“It can’t be. The Lost Days were over a thousand years ago. Lucan was slaughtered during the battle.”
“I know the stories as well as you do. When you’re around him, do you feel anything”—he placed a hand against his bandaged chest—“here?”
She shook her head. “There’s no feeling of death surrounding him. He’s alive—or at least not dead.”
“Is there a difference?”
Her face hardened. “Very much so.”
“But how? Why does he travel in company with one of the true Fey? What’s in that book that’s so important to Gray he’d send men to their deaths over it?” He glanced at the scars crisscrossing his palm before closing his hand into a frustrated fist. “Questions but no answers and me flat on my back.”

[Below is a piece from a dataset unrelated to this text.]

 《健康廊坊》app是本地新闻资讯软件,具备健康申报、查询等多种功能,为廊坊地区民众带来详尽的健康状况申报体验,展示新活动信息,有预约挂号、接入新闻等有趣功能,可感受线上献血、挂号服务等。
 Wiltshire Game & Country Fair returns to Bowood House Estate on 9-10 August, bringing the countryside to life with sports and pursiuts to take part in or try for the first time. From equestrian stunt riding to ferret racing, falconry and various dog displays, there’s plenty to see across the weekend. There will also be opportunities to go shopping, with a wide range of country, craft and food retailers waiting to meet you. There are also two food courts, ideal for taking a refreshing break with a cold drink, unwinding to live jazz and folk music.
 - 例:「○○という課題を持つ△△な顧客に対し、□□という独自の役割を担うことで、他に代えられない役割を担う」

“Better that than six feet under, sewn into a shroud.”
Callista rose in a fluster of skirts to wander the room, a hand trailing across a table, a cabinet, picking up and putting down a china figurine, a row of porcelain boxes, a Wedgwood urn. She glanced at the fire in the hearth but then turned her steps to the window to draw back the heavy drapes. The moon washed the park in silver and outlined her face and hair like a halo.

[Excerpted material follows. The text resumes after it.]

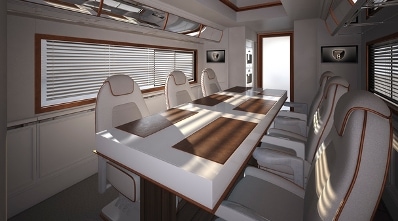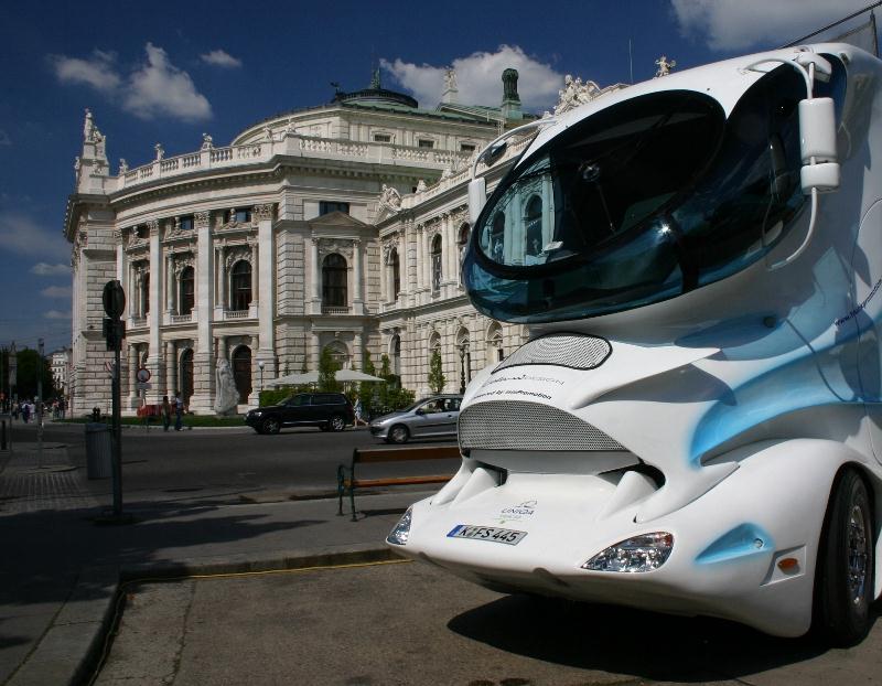 La frontière est infime pour qualifier ce véhicule original de 12 m de long mis en chantier par Marchi Mobile, un constructeur autrichien spécialisé dans les projets fous de grand luxe…, le EleMMent Palazzo devait, en fonction des clients, être un véhicule de promotion, ou une navette VIP ou plus classiquement un camping-car…, mais quel que soit l’usage de ce EleMMent Palazzo, chacun de ses hypothétiques acquéreurs était certain d’avoir une longueur d’avance.

“Why did you do it, David?” she asked gently, her gaze still upon the lawn and the far horizon where the hills dipped down toward the sea. “Why did you take that bullet?”
Another question with no good answer. Or at least one he dare not speak aloud. Not if he wanted to keep the dark future he dreamed from coming to pass. Instead, he offered her a flippant—and very painful—shrug. “It seemed like a good idea at the time.”
She glanced back over her shoulder, her hair shimmering in the ghost light, her expression giving nothing away. “You used that as an excuse before.”
“You’ll find it’s my answer to a great many questions.”
She gripped the drapes in both hands, head bowed. “You were right about the Fey-bloods and about Corey. He wants you not because of me but for your blood. He wants to sell it. I don’t know why, but he—”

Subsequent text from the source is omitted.